I was aware of the lingering hush amongst the boys as I maintained my ever vigilant presence, slowly walking around the pool observing that all conduct was fully in order. Even within the next ten minutes I had occasion to order a boy from the water and spank his buttocks hard several times over his wet trunks before ordering him to jump back in and rejoin his class there to assume a more orderly and obedient manner.

Finally I joined the boys in the changing rooms as they dried off after their lesson. I noticed a distinct nervousness as they each took down their trunks in my presence, for they know of my reputation for impromptu exemplary spanking, which I will administer once or twice each day in school corridors, classrooms and even the dining hall, for offences such as talking loudly, lack of attention, carelessness, running, etc. I noticed that one boy had by his clothes brown shoes rather than the regulation black shoes required under school rules. Rather than discuss the matter with him I applied my hand to his damp cold bare buttocks, in the hardest, finest tradition.

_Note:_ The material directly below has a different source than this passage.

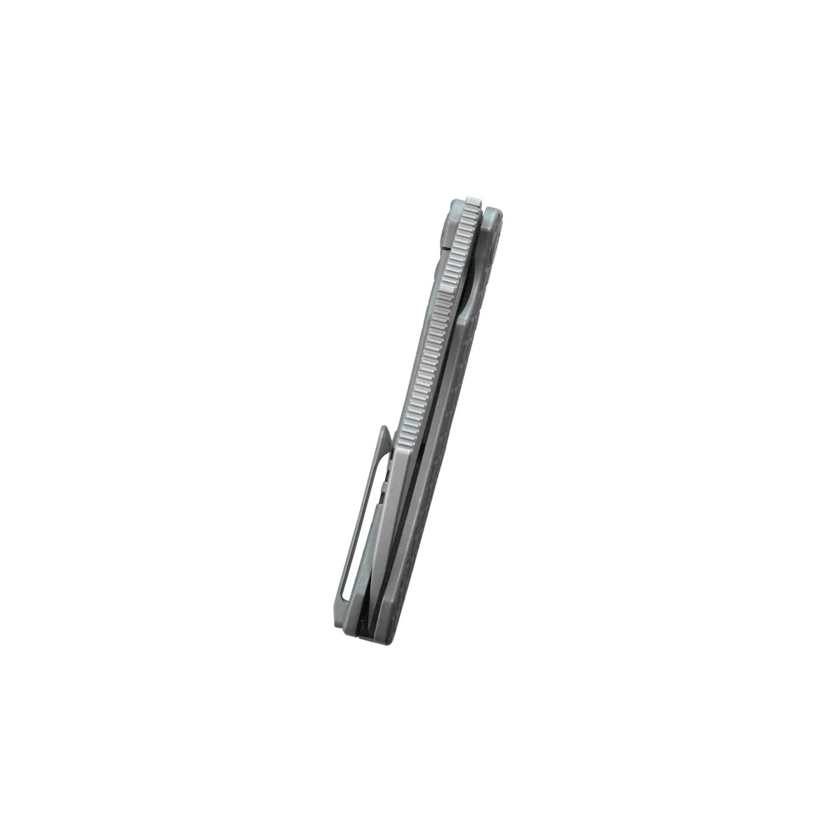 Handle - milled titanium 6AL4V, beveled edges of the covers eliminate sharp edges. The distinctive texture of the handle, imitating a frag pattern, not only looks good but also prevents the knife from slipping in the hand during use. The whole thing is screwed onto a solid backspacer, also made of titanium. Pivot cap made of titanium in a contrasting color. Forefinger groove improves grip. Single-position (right) titanium deep carry clip allows you to carry the knife discreetly in your pocket in a tip-up position (with the tip of the blade up).

This is the way forward I am certain. The era of namby pamby molly coddling of modern day boy must give way once again to the hardship and rigours of traditional education. The short sharp shock of corporal correction, administered with enthusiasm to the well bared buttocks of wayward pupil by firm commanding headmaster is the only basis for the sound education of errant youth, and the only sure foundation upon which to build their futures.

Now in my school office at the end of this most satisfactory day, I pour myself a very small, very dry, British sherry, and reflect finally upon the unheated swimming pool. I cannot help but consider it a particularly fine addition to the school, and one by which I may be remembered by future generations. I am somewhat concerned however that, perhaps, upon reflection, the plastic-glass roof was mistake, maybe introducing the element of unnecessary warmth ? As I look up I am somewhat minded to hope that this unnecessary liberal appendage, this decorative frill, may be blown clean away in the forecast gales, and that next Monday morning I may have occasion to give energetic and sound corporal instruction to boys in the infinitely satisfying context of the bracing, traditional, British outdoors.